There are a lot of misconceptions of what happens when you become a mother. For starters, no one really clearly describes just how uprooted your life will become. It is joked about, and smiles are passed as though we are pledges about to embark on some lifetime fraternity, where the secrets will only be revealed through ambiguous crisis that guarantee us our letters, earning us eternal membership. We know it’s forever, but we don’t really comprehend what forever means until we are submerged in it. Drowning in diapers, and tears, little ticks of cartoon theme songs running through our mind all day, we shed everything that made us who we were, and assimilate to what this little life needs for us to be.

I’ve always been restless. It’s an aquarian trademark. Yet, I cannot afford to be restless any more. Restless translates as self-centered, which is not the ideal trait that a (perfect) mother should have. The desire to fulfill the restless void leads to guilt, a useless emotion since all it does is throw you into a circle of depression, longing to be free, hating yourself for longing in the first place.

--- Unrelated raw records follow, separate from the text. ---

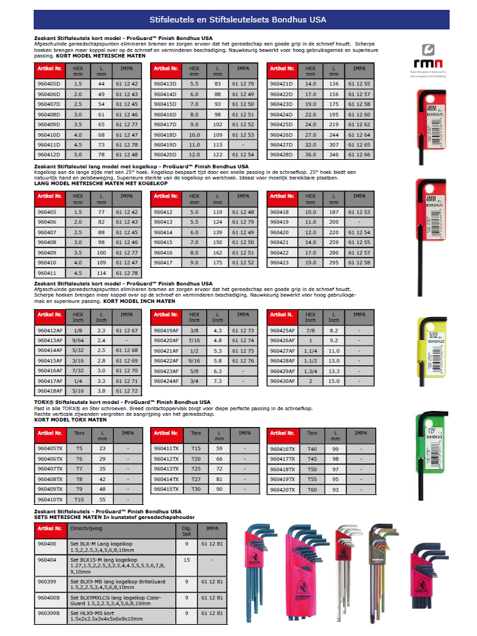 Het is van belang om de juiste handgereedschappen te gebruiken bij het uitvoeren van werkzaamheden. Niet alleen vanuit veiligheidsoogpunt maar ook om precies en zonder overbodige inspanningen te kunnen werken. Veel productie werkzaamheden komen herhalend voor wat een risico op RSI geeft. Speciaal om deze risico’s tegen te gaan en dus ziekteverzuim te voorkomen zijn er steeds meer handgereedschappen ontwikkeld met een ergonomisch design. Zonder een goed stuk gereedschap is het niet eenvoudig om reparatie- of onderhoudswerk goed uit te voeren. RMN biedt een compleet aanbod van handgereedschappen van gerenommeerde fabrikanten.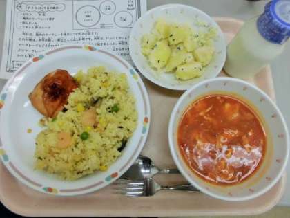 今日は、ピラフ、牛乳、鶏肉のマーマレード焼き、粉ふきいも、トマトと卵のスープです。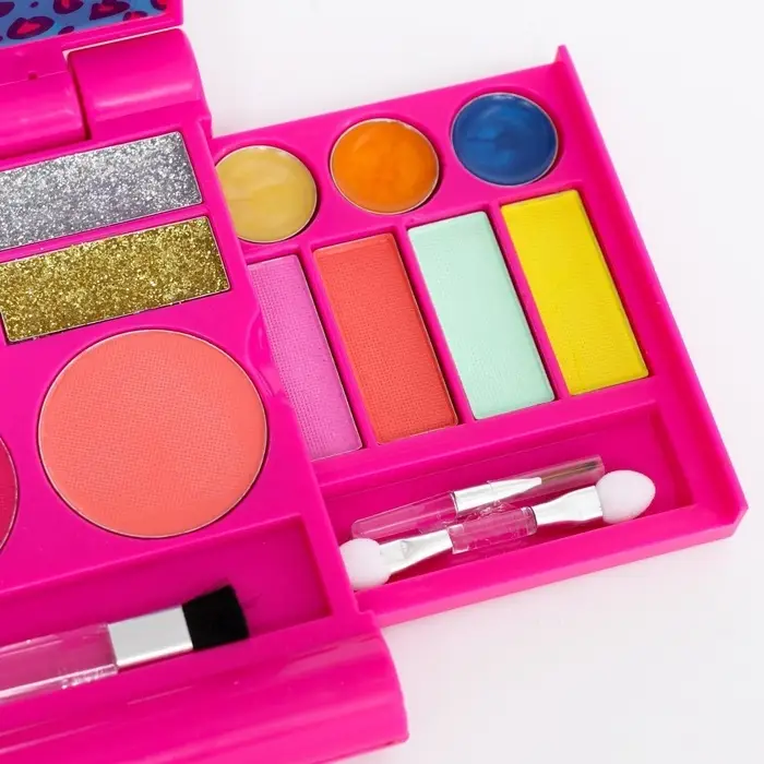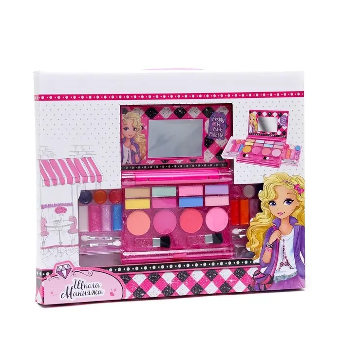 Детская косметика позволит ребёнку устраивать эксперименты со своим стилем. Набор поможет девочке подобрать оптимальные варианты для вечерних и дневных образов. Косметика без труда смывается водой или с помощью ватного диска и безопасна для детской кожи.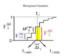 De la misma forma se traza un histograma acumulado como una sucesión de peldaños de altura para producir la escalera .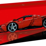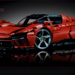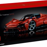LEGO Technic Ferrari Daytona SP3 is a precise replica of a real Ferrari, featuring many functions such as steering, an eight-speed sequential gearbox with a shift lever, and a V12 engine with moving pistons. This collectible model has opening butterfly doors and a hood that reveals a unique serial number providing access to online materials.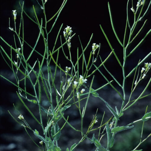 Uno o varios tallos erectos, simples, a veces ramificados, pubescentes, con pelos de 2–4 brazos, sobre todo en la parte inferior, glabrescentes en la superior. Hojas basales atenuadas en pecíolo, oblanceoladas o espatuladas, caducas; las caulinares 7–8, de 0,4–3(3,7) x 0,2–1,8(2) cm, sésiles, ovadas o elípticas, sagitadas, con aurículas agudas y margen denticulado, todas con indumento similar al del tallo. Racimo ebracteado, generalmente con eje zigzagueante en la fructificación. Flores actinomorfas, hermafroditas, tetrámeras; sépalos 1,5–2 mm, los laterales gibosos en la base; pétalos 2,8–4 mm, con uña manifiesta, blancos; estambres 6, tetradínamos; ovario súpero, con numerosos primordios por lóculo. Frutos en silicua, de 18–38 x 0,8–1 mm, lineares, algo torulosos en la madurez; valvas con nervio medio marcado, glabras o pubescentes; pedicelos 1,5–5(8) mm, erectos o erecto–patentes, ligeramente más delgados que el fruto; estilo 0,3–0,4 mm. Semillas ápteras, de color marrón claro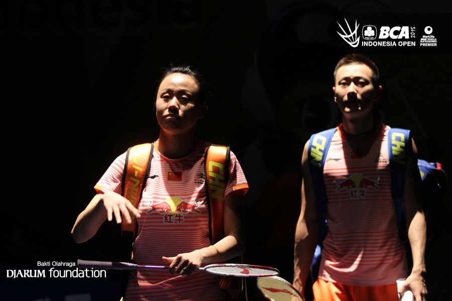 Zhang Nan/Zhao Yunlei (China) berjalan memasuki arena pertandingan.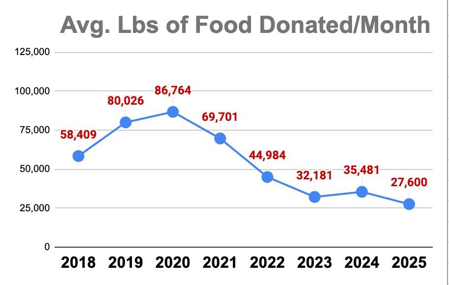 But the food bank is receiving fewer donations from partner programs. In 2018, it received about 58,400 pounds of donated food per month. In 2025, that figure has dropped to about 27,600 pounds.

The real question is: How do you raise a child, when you are still growing up?  Is it simply trial and error, do we look at each day like a life lesson and make mental notes for the future?  And how, how do I stop wanting a life that is all my own?  You start rewinding your memories in your head and laughing inwardly at how much freedom you took for granted.  A night with the girls, watching a movie that did not have a G rating.  A quiet afternoon reading a book.  The little details that you took for granted seem like such luxuries now.

And then, the guilt returns.  Creeping in like a ghost reprimanding you for your past sins.

So I’m left wondering, how can I be a mother, yet still be me?